OSF 4: How to handle Users and Roles in an OBA
[OBA Solution Framework Index]
Consider a team that is trying to deliver an OBA for a particular business process (e.g. to manage procurement). This could be an internal in-house IT development team building a standardized business process for enterprise-wide deployment, or it could be a solution provider who is building a packaged application to sell to customers. In either case, development of the OBA is a separate, decoupled activity from actual deployment of the OBA. So the solution provider will not know the end users at the time that the solution is being built. Instead the solution provider should work in terms of personas and roles, and package OBA artifacts (e.g. document templates, reports, dashboards, actions, workflows) accordingly. Doing this in the form of an OBA actually makes it easy to customize the business solution at the time of deployment, to manage change post-deployment, and for end users to personalize the solution extensively at any time.
In most business processes, people and systems interact by exchanging documents.
It should be straightforward for a business analyst to identify the roles that make up the process, and to create personas for these roles. For example:
Name: Alicia Role: Purchasing Agent
“I order materials and supplies. I follow up on PO confirmations and partial receipts. I also research suppliers to get the best quality products at the lowest price.”
Name: Eduardo Role: Order Processor
“I am responsible for the physical entry of orders as well as other sales support tasks. I take orders passed to me by the sales rep as well as repeat orders directly from customers.”
For each persona, it should be possible to inventory their needs for this business process:
- Document templates (e.g. forms, spreadsheets)

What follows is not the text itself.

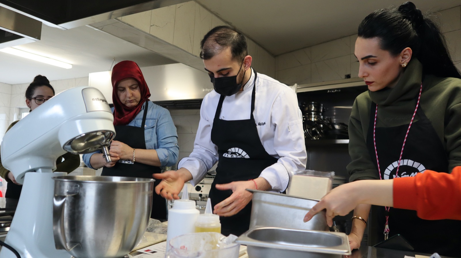 Düzce MSM Akademinin son konuğu ise Gastronomi Uzmanı Berker Aktepe oldu. Genç yaşına rağmen özellikle uluslararası mutfak sanatlarında kendini geliştiren Berker Aktepe, kursiyerleriyle Fransız mutfağının lezzetli tatlılarından Vol-au-Vent tatlısı ve İtalyanların dünyaca ünlü Ravioli yemeğini yaptı. Yemeklerin bütün püf noktalarını anlatan Gastronomi Uzmanı Aktepe, mutfak ve sunum konusunda da önemli bilgileri paylaştı. Kursiyerler yemek yapmanın yanı sıra tabaklamayı da öğrendi.

- Metrics, reports, dashboards
- Workflows
- Task lists
- List of alerts / exceptions / notifications to be monitored
These artifacts can be built into a set of role specific SharePoint personalization sites - one for each persona. These sites could then be packaged as a set of Site Template files (i.e. .stp files) that make up the business process. During deployment of the solution at the end customer site, the SharePoint administrator would deploy these site templates, and then create personalization sites from these on the shared services provider using the admin console.
What is the advantage of this? This allows end users to automatically discover links to role specific sites on their personal 'My Site's. This can be set up after deployment, by the SharePoint administrator, who would set up 'audiences' that map to each role in the deployed solution through rules on properties stored on User Profiles. Then the personalization sites could be configured through the admin console, to automatically appear on 'My Sites' for those users who fall in each of the configured 'audiences'.